Вы легко простите меня, если я перестану следовать за всеми подробностями ее жизни; она мне о них не рассказывала. Мы столкнемся с нею снова в Мадриде на ее памятном для всех дебюте, выдвинувшем ее сразу в первый ряд самых знаменитых актрис. Энтузиазм, встретивший ее там, был столь необычен и столь горяч, что весь город, казалось, отозвался на театральные аплодисменты, и толпа, провожавшая ее восторженными криками и венками до самого дома, согласилась разойтись лишь после того, как она еще раз показалась в окнах своих комнат. Но не только такие чувства она пробудила.

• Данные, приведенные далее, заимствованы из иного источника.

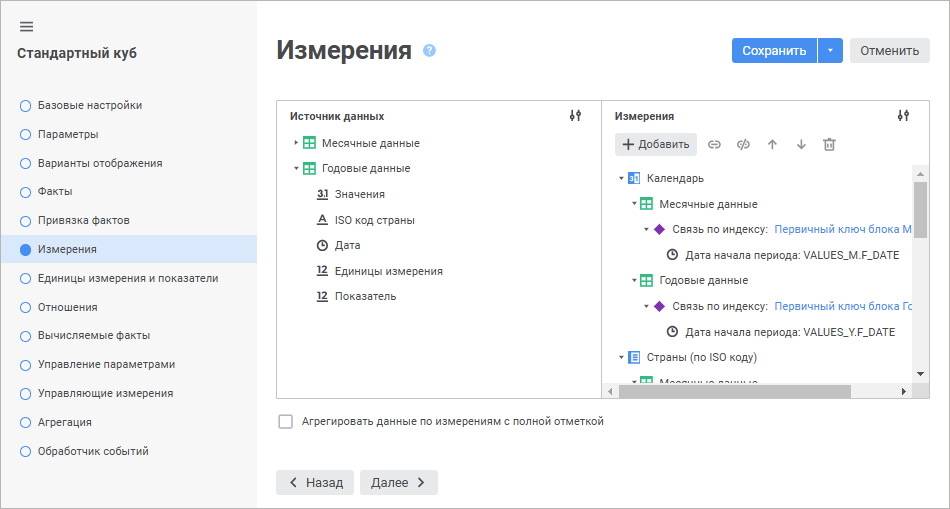 Флажок «Агрегировать данные по измерениям с полной отметкой» определяет признак доступности метода агрегации «Из фактов источника» для фиксированных измерений в отчётах. По умолчанию флажок не установлен.

Ее красота, не менее, поистине, замечательная, чем таланты, произвела глубокое впечатление на одно высокопоставленное лицо, державшее в то время в своих руках судьбы Испании; вы позволите не называть его имени, во-первых, потому, что моя совесть историка требует проверки этого анекдота из частной жизни, и во-вторых, потому, что мне не хотелось бы прибавлять еще одну, вполне, впрочем, извинительную, слабость к его истинным и мнимым преступлениям, в которых переменчивая молва народа обвиняет обычно низложенных властителей. Достоверно лишь то, что на сцене она больше не появлялась и что все блага судьбы в несколько дней осыпали эту неведомую авантюристку, нищету и позор которой наблюдали обитатели соседних провинций на протяжении целого года.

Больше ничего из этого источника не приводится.